Los discursos de guerra y La velada en Benicarló son textos importantes en nuestra historia y contribuyeron, tal y como su autor lo había pensado, a construir un mito: el de un Azaña que vendría a ser la encarnación misma de una República reformista, moderada y modernizadora. Pues bien, ni existía ese país casi primitivo inventado por la imaginación de los noventayochistas y los regeneracionistas, nutridos de romanticismo y nacionalismo, ni Azaña quiso representar nunca una República moderada. Es verdad que lo afirma así a partir de 1936, por motivos que se exponen en las siguientes páginas. No decía lo mismo, ni mucho menos, en años previos, cuando su República debía traer aparejadas destrucciones «que no puedan repararse jamás».

La política azañista de la Segunda República no es reformista, y es Azaña mismo el que se encarga de dejarlo claro una y otra vez. Sus reformas militares van destinadas a republicanizar el Ejército, no sólo a racionalizarlo, modernizarlo y alejarlo de la política. La política religiosa y educativa, inspirada la primera por el propio Azaña, no consiste sólo en la separación de la Iglesia y del Estado ni en la continuación del esfuerzo de alfabetización y de instrucción ya realizado durante años. Era una ambiciosa empresa de secularización de la sociedad española que exigía la supresión de la libertad de enseñanza y la asfixia económica de las órdenes religiosas. La República, por otra parte, recurrió a una ley promocionada por el propio Azaña, la Ley de Defensa de la República, que le permitió no respetar las garantías de derechos establecidos en la Constitución de 1931. Y la promulgación del Estatuto de Cataluña, el proyecto político más querido de Azaña, no se encaminaba a una descentralización, sino a una refundación de la nación española, que debía reanudar con una tradición de unidad nacional perdida con los Asturias. Desde entonces la historia de España había sido una «digresión monstruosa» a la que la República, convertida ahora en una empresa de restauraciones, se proponía poner un punto final definitivo para crear la única España auténtica. Para Azaña no existe más nación que la que él quería construir, y como no logró implantar esa nación imaginada de raíz literaria y nacionalista —España vacía, en el sentido estricto de la expresión—, la conclusión llega sola: la nación española no existe.

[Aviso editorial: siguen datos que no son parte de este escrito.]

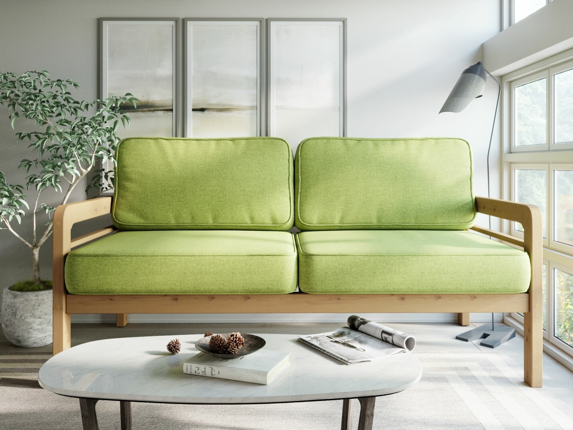 СохранитьСадовый диван кушетка БЕРГЕР-Б-С, зеленая-сосна, рогожка, трехместный, деревянный, в гостиную, в прихожую, на балкон, скандинавский лофт интересное:

A pesar de las reivindicaciones que del diálogo y de la zona templada del espíritu hizo durante la Guerra Civil, nunca antes Azaña había concebido la República como un régimen pluralista y tolerante, como lo concibió, por ejemplo, Alejandro Lerroux. De hecho, esas formulaciones, destinadas a confeccionar un personaje nuevo, le permitieron soslayar cualquier crítica de sus posiciones previas. En Azaña, los culpables siempre son los demás (de derechas, de centro o de izquierdas, dicho sea de paso). Nunca el fracaso de sus acciones o de sus expectativas le lleva a variar el rumbo de su conducta. Veremos algunos grandes ejemplos en estas páginas. Quizás el más sobresaliente es el que sigue al resultado de las elecciones legislativas de noviembre de 1933, cuando su partido de Acción Republicana obtuvo cinco escaños (de 473) y él mismo salió de diputado gracias a que Indalecio Prieto lo incluyó en la lista del PSOE por Bilbao. Los votos demostraron que el apoyo de quien había creído encarnar la palabra y la razón de ser de la República republicana, era insignificante. Eso no importó: la República tenía que ser de izquierdas, y lo sería a costa de lo que fuera. También ese secuestro de la democracia forma parte del legado de Azaña.

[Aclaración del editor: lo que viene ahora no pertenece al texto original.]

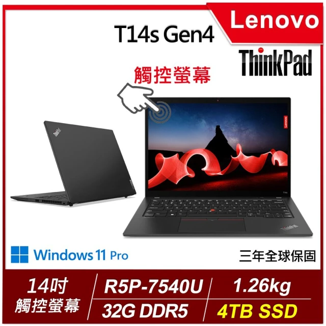 ThinkPad 聯想T14s Gen4輕薄1.26kg觸控商務筆電(R5P-7540U/32G/4TB/W11P/三年保)特仕

La reacción de Azaña al resultado electoral fue solicitar al jefe del Estado que disolviera aquellas Cortes y convocara nuevas elecciones. En ningún momento se le ocurre la posibilidad de que sus decisiones hayan nacido de una equivocación. ¿Por qué? Porque Azaña, al revés de lo que se ha dicho y repetido hasta la saciedad, no plantea una propuesta de cambio moderada y dialogada, sino otra de orden mítico, que requiere una convulsión completa de la realidad política, social y cultural. Una revolución, que es lo que se propone hacer en 1931, como también pretenden estar haciéndolo los miembros de los partidos que le respaldan en las Cortes. Las elecciones de 1933 no constituyen por tanto un fracaso coyuntural en un proyecto entre cuyos fines está la consolidación de la democracia liberal bajo el régimen republicano. Lo que ha fracasado —mejor dicho, lo que se ha hecho fracasar— es la revolución puesta en marcha en 1930 y 1931. De ahí la justificación de la nueva revolución de octubre de 1934, esta vez ya declaradamente antirrepublicana, y las dificultades que tiene Azaña para adoptar una posición clara ante la revolución sindicalista de 1936 y ante el embrión de revolución comunista iniciada con Negrín, que él mismo había contribuido a llevar a la Presidencia del gobierno.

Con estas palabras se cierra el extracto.